1. Originally Posted by Mathstud28
You mean $\displaystyle \frac{\pi}{2e}$ and yes....but I sense some Complex Analysis in the mix here

EDIT: You corrected yourself.
your integral = $\displaystyle 2\int_0^{\infty} \frac{x \sin x}{x^2 + 1} \ dx - 2\int_0^{\infty} \frac{x \sin x}{(x^2 + 1)^2} \ dx,$ and by parts in the second integral gives us: your integral = $\displaystyle \int_0^{\infty} \frac{x \sin x}{x^2 + 1} \ dx=\int_0^{\infty} \frac{\cos x}{x^2 + 1} \ dx$ why?

and i guess i don't have to prove this very well-known fact that $\displaystyle \int_0^{\infty} \frac{\cos x}{x^2 + 1} \ dx = \frac{\pi}{2e}.$

2. I may as well finish how I done it. Overkill, yes. I wish I would have saw that Frullani thing right off. I am familiar with it.It did not occur to me. I will remember to look around for it from now on.

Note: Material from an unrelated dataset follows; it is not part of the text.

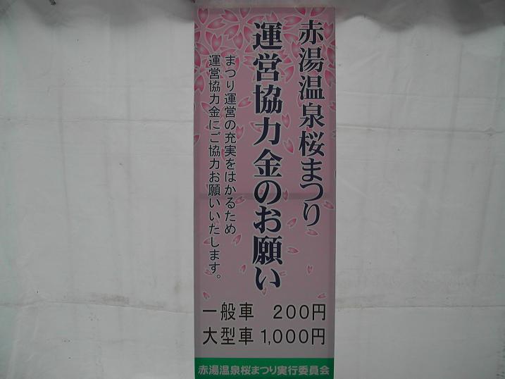 毎年「赤湯温泉桜まつり」期間中は、烏帽子山公園にたくさんのお客様が桜を見にいらっしゃいます。今後もこの「桜まつり」を多くの方々に楽しんでいただくために、桜の見頃にあわせて「桜まつり運営協力金」のご協力をお願いしております。(一般車200円、大型車1000円)

By letting $\displaystyle f(x)=\frac{e^{x}}{e^{x}+1}+C$

I left $\displaystyle f(ax)-f(bx)=\frac{e^{ax}-e^{bx}}{(e^{ax}+1)(e^{bx}+1)}dx$

Then setting $\displaystyle I(u)=\int_{0}^{u}\frac{f(ax)}{x}dx-\int_{0}^{u}\frac{f(bx)}{x}dx$

This is OK if $\displaystyle \lim_{v\to 0}\frac{f(v)}{v}$ exists. Which works

if C = -1/2.

With C = -1/2, we get:

$\displaystyle I(u)=\int_{0}^{au}\frac{f(v)}{v}dv-\int_{0}^{bu}\frac{f(v)}{v}dv$

$\displaystyle =\int_{au}^{bu}\frac{f(v)}{v}dv$

To save typng, I went on and eventually wound up with said solution.

I like all of the methods. That is why I like to post an occasional integral.

3. Originally Posted by NonCommAlg
your integral = $\displaystyle \int_0^{\infty} \frac{x \sin x}{x^2 + 1} \ dx=\int_0^{\infty} \frac{\cos x}{x^2 + 1} \ dx$ why?
I assume the "why" was meant to be answere by me?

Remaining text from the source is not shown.